Şuanda 107 konuk çevrimiçi
BugünBugün3633
DünDün3402
Bu haftaBu hafta11357
Bu ayBu ay11357
ToplamToplam10479781
Avrupa'da solun krizi yaygınlaşırken... PDF Yazdır e-Posta


Avusturya’nın ikinci büyük kenti Graz’da komünist partisi belediye seçiminde birinci parti oldu. Bu başarı önemlidir ama sol partilerin genel seçimlerde aldığı ve alması beklenen kötü sonuçları ortadan kaldırmıyor.

Almanya’da Sol Parti oylarının yaklaşık yarısını kaybederek yüzde 5 barajını aşamadı ancak üç doğrudan adaylığı kazandığı için yüzde 5 almış sayıldı ve federal parlamentoya girebildi. Oy oranı yüzde 8-10 olan partinin bu duruma düşmesi büyük başarısızlıktır.

15 yıl kadar önce PDS (Demokratik Sosyalizm Partisi), SPD’den ayrılanlarla birleşerek Sol Parti olmuştu. Birleşmenin ardından SPD’nin oy oranı azalmış, Sol Parti de yüzde 8-10 düzeyine yerleşmişti.

Aradan 15 yıl geçtikten sonra sanki eski duruma geri dönüldü: SPD genel seçimde oylarını artırarak ve CDU’yu da geçerek birinci parti olurken, Sol Parti –PDS’in son yıllarında olduğu gibi- yüzde 5 civarına geriledi.

ÇEKYA’da (eski adıyla Çek Cumhuriyeti) komünist partisi Avrupa ülkelerinde en güçlü parti durumundaydı. Oy oranı yüzde 15’e kadar çıkmıştı. Önümüzdeki hafta yapılacak genel seçimde partinin yüzde 5 barajını geçemeyeceği tahmin ediliyor. Belki geçer ama böyle bile olsa oy oranında büyük düşme var.

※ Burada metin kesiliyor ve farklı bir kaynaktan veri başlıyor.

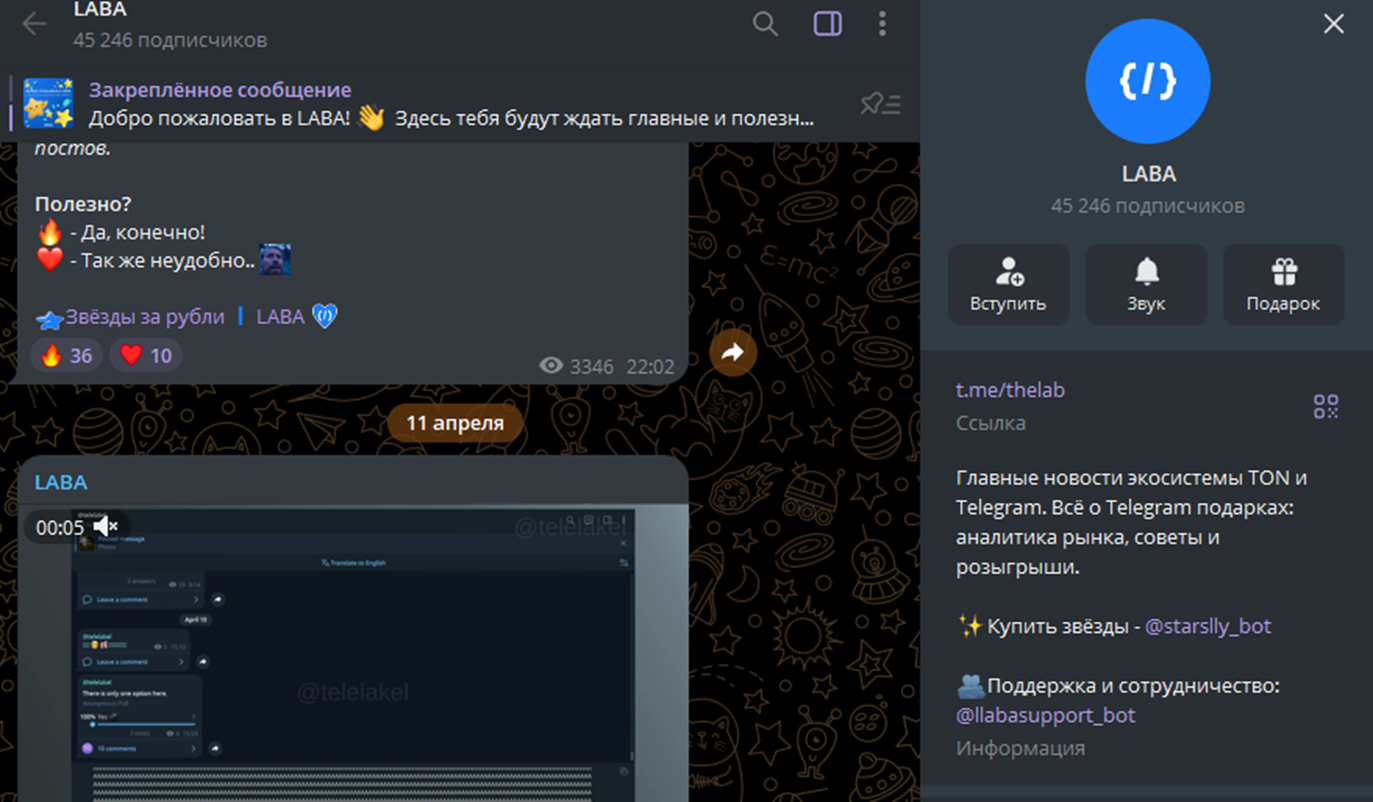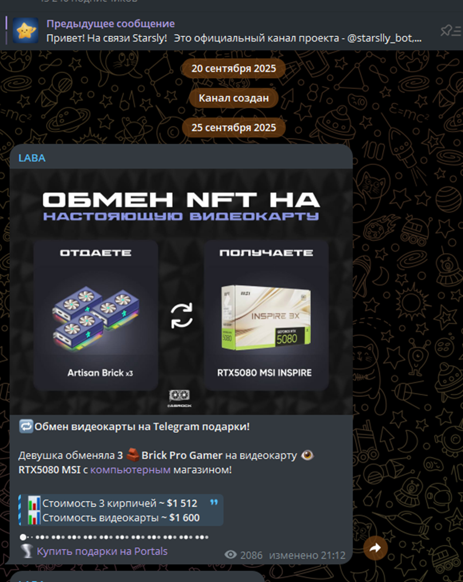При переходе на новостной канал проекта условия покупки активов через Старс Минт не проясняются. Это группа с большим числом подписчиков, но низкой активностью. Она была создана 20 сентября 2025 года. Основной контент – реклама бота по покупке подарков и звезд. Публикуются новости о проведении конкурсов с ценными призами стоимостью от 1500 у.е. Но нет никаких результатов таких розыгрышей или сведений о победителях.

Yunanistan Komünist Partisi’nden hiç söz etmemek yerinde olur. Bu parti ülkedeki faşist Altın Şafak ile aynı oy oranına sahip, bazen geride bile kalabiliyor. Yüzde 5 civarında sabit bir kitlesi var ve artmıyor. Bu ülke önemli ekonomik kriz yaşadı, genel grevler oldu ama komünist partisinin durumu değişmedi.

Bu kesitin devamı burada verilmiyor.